4. 调试程序：输入一组单词，检查输出结果

1 92+data> 0x 3f 04 while

1x3 x3 x3 x44 00

以上都是一行的没有出现什么问题，但是当对多行进行词法分析时，总是出错，通过打印读到的字符发现有字符13（ASCII），查资料才知是’/t’，把光标移到当前行的起始位置，我不知道为什么会有这个字符，添加滤掉这个字符的逻辑，才使词法分析成功。

while (1) do num=10;

num=11;

if (1) then caoning=0x11;

if (1) than caoning=878;

5. 词法分析程序的数据结构与算法

符号表的数据结构：采用的是结构数组

struct ENTYE{

char word[100];

float value;

};

int smptableLength=0;

struct ENTYE smptable[200];

在配以int lookup(const char *s)和int insert(const char *s)对这个符号表操作。

/*查找s在符号表的位置，没有返回-1*/

int lookup(const char *s){

int i;

for (i=0;i<smptableLength;i++){

if (strcmp(smptable[i].word,s)==0) return i;

}

return -1;

}

/*返回s在符号表中的位置*/

int insert(const char *s){

int i=lookup(s);

if(i==-1){

strcpy(smptable[smptableLength].word,s)；

//smptableLength++;

return smptableLength++;

}

return i;

}

六. 心得体会

这次词法分析的实验本身没有什么难度，但是在做这实验之前感觉没谱，所以踏下心仔细的阅读Aho的《编译原理》中前三章，受到很大启发，尤其是利用switch语句把状态图实现的技术，可谓一绝，这也是我学习词法分析的最大的收获。

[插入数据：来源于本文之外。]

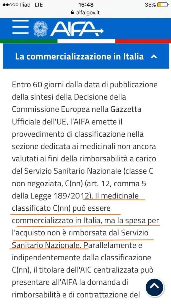 che il farmaco è in classe C(nn), dedicata ai farmaci non ancora valutati ai fini della rimborsabilità – QUINDI NON PUÒ ESSERE DISTRIBUITO A CARICO DEL SSN;
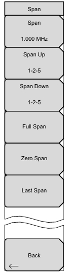 This is a convenient way to quickly arrive at a wider span value. The first time the submenu key is pressed, the span value increases to the nearest even value that starts with 1, 2, or 5. For example if the span is 1.8 MHz, pressing the submenu key for the first time changes the span to 2.0 MHz, the next press takes the value to 5.0 MHz and so on.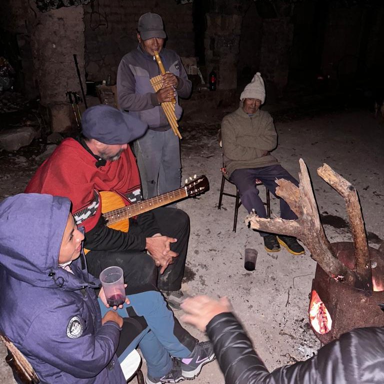 Por la noche recibieron visitas. Chabelo, Felipa, los maestros y la directora aportaron ingredientes para improvisar una picada y pizzas a la parrilla, acompañados de carnosos y coloridos choclos. Por supuesto, el fuego, la guitarreada y los vientos de Carlitos estuvieron presentes hasta altas horas de la noche. Canciones como Huayayay y la de la Suegra quejosa fueron reiteradamente solicitadas por Juani y Serhiy. El rito de compartir hace más amena la estadía en lugares donde la soledad abruma. Un enorme chocolate circula entre las manos de todos y termina de endulzar el encuentro.

在做语法分析的时候，对词法分析进行了一些修改，学习了一下不同文件内的函数和变量的使用，在做词法分析的时候架构没有做好，比如哪些函数和变量作为内部的，哪些是提供外部使用的接口，比较混乱，也没有进行大量测试，导致语法分析时受阻重重，最后停下语法分析的编程，对此词法分析修改，使程序清晰易读，并进行了大量的测试，再作语法分析时就容易多了。这也是个教训，以后编程首先得考虑好，再一步一步来。就会省很多麻烦。